Behavior of suspended natural rubber balls in water at small Reynolds numbers

Abstract

This study explores the experimentally verifiable rheological parameters of sparsely spaced suspensions of periodically forced rubber spheres in water at low Reynolds numbers. The experimentally verifiable rheological parameters are first normal stress difference, second normal stress difference, intrinsic pressure, and relative viscosity. These parameters are observed to be dependent on the amplitude of the periodic force, particle Reynolds numbers and the volume fraction.

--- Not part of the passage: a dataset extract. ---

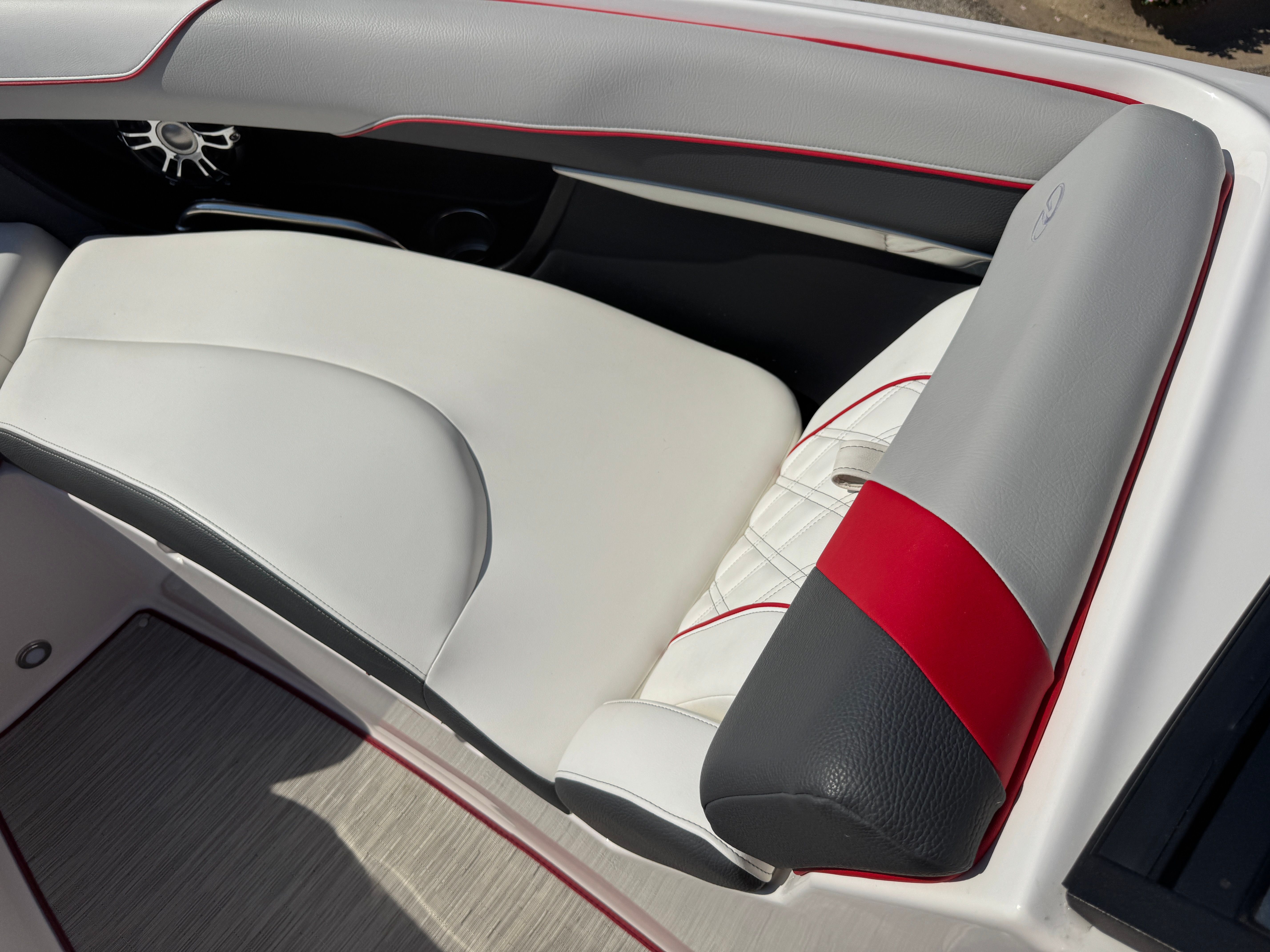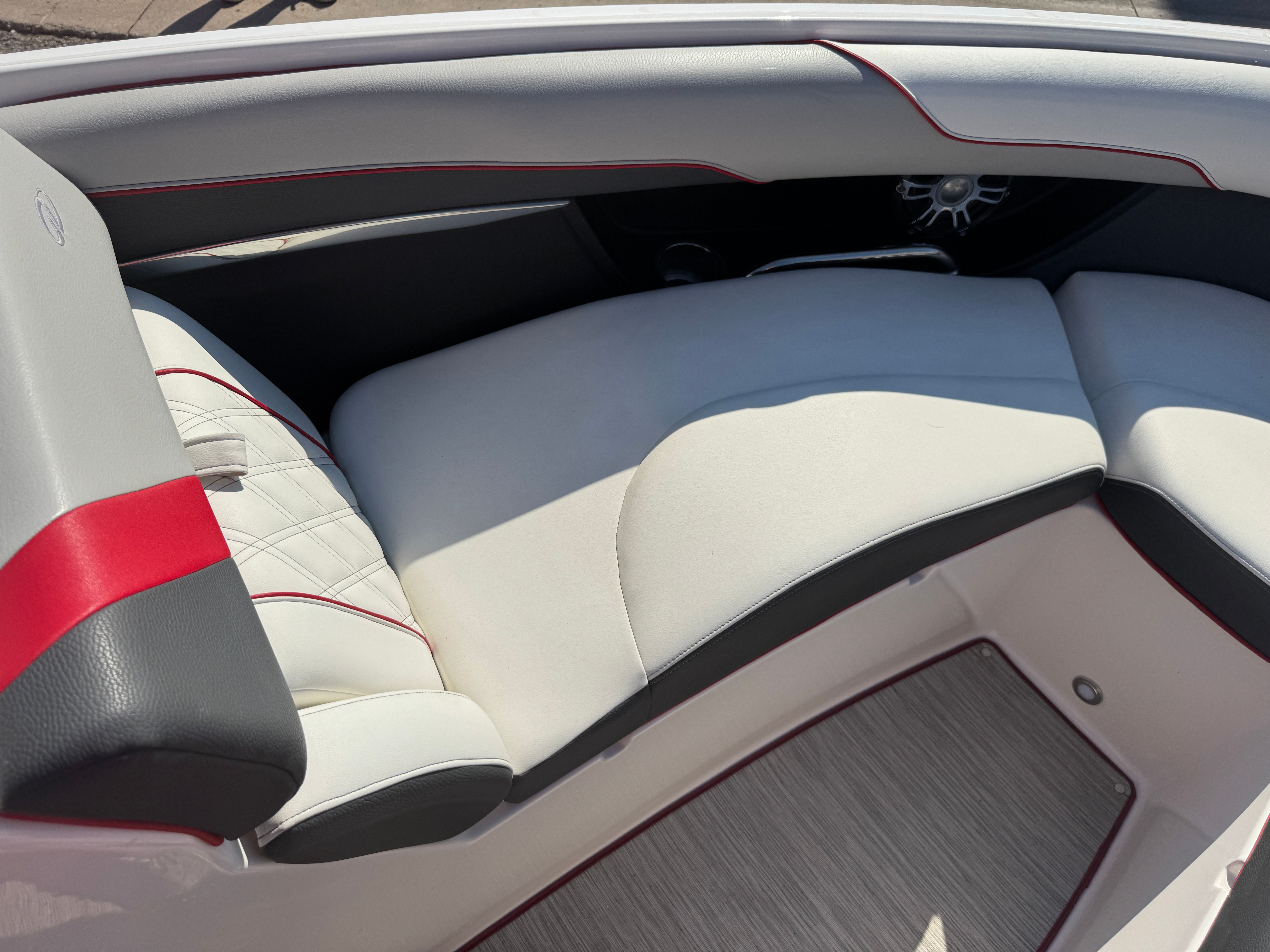 At the heart of the Regal 2300 RX is a single, robust engine delivering an impressive 300 horsepower. This powerful setup ensures exhilarating acceleration and smooth cruising, whether you’re towing water toys, slicing through choppy waves, or simply enjoying a leisurely ride. The engine’s low hours are a testament to its longevity and reliability, providing peace of mind and plenty of adventures ahead. The performance of this bowrider boat for sale is further enhanced by Regal’s innovative hull design, which delivers a stable, responsive ride and excellent fuel efficiency.

The main aim of this study is to determine how well the neutrally buoyant rubber balls (isoprene) flow with the solutions at low Reynolds numbers when forced periodically. The motivation of the problem consideration is to study the collective behavior of the balls when suspended in a dilute limit. An interesting and novel feature of these balls is their non-Newtonian behavior in the Newtonian frame of reference. The model obtained was an integro-differential-equation, which was solved using the Runge–Kutta fourth-order method. Results reveal that the relation between the intrinsic pressure and relative viscosity depicts a nonlinear relation with Reynolds number and proportional to volume fraction. When Rubber balls are forced periodically, they exhibit the non-Newtonian behavior. The relation between the intrinsic pressure and relative viscosity depicts a nonlinear relation with Reynolds number and proportional to volume fraction.